In deze zaak, die voor de Rechtbank Midden-Nederland werd behandeld, hebben eisers, bestaande uit een vennootschap onder firma en twee besloten vennootschappen, een kort geding aangespannen tegen gedaagden, waaronder een crowdfundingplatform. De eisers vorderden onder andere de staking van de tenuitvoerlegging van een eerder vonnis van de rechtbank Den Haag en de opheffing van executoriale beslagen die door gedaagden waren gelegd. De achtergrond van de zaak betreft een geldlening die door investeerders aan een bedrijf was verstrekt, waarbij eisers als borgen optraden. Na het faillissement van het bedrijf en een vonnis waarin eisers hoofdelijk werden veroordeeld tot betaling van een aanzienlijk bedrag, hebben eisers geprobeerd de executie van dit vonnis te staken op basis van een herroepingsprocedure.
De voorzieningenrechter heeft geoordeeld dat de vorderingen van eisers niet toewijsbaar zijn. De rechter oordeelde dat er onvoldoende aannemelijk was gemaakt dat de vordering tot herroeping van het vonnis een grote kans van slagen had. De voorzieningenrechter benadrukte dat gedaagden in beginsel gerechtigd zijn om het vonnis ten uitvoer te leggen, tenzij er sprake is van misbruik van recht.
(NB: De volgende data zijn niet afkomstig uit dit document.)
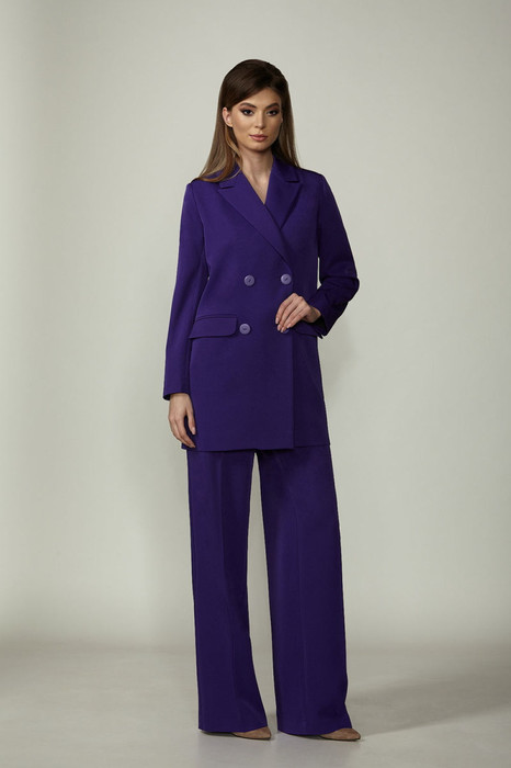Брючный комплект из костюмной ткани на подкладке. Двубортный жакет выполнен в стиле оверсайз. Воротник-с отложными лацканами пиджачного типа, рукава – двухшовные. По переду- прорезные карманы с клапанами. Жакет имеет два ряда пуговиц, застегивается на две основные пуговицы, одну потайную, остальные пуговицы несут декоративный характер. Брюки прямые со складкой, широким поясом-обтачкой, наклонными карманами. Застегиваются на молнию по переду и пуговицу.

De rechter concludeerde dat er geen gronden waren voor herroeping van het vonnis, en dat de eisers niet konden aantonen dat gedaagden valse stukken hadden ingediend of bedrog hadden gepleegd. De vorderingen werden afgewezen, en eisers werden veroordeeld in de proceskosten.
De uitspraak werd gedaan op 19 januari 2018 door mr. R.A. Steenbergen, waarbij de rechter de vorderingen van eisers afwees en hen in de kosten van de procedure verwees.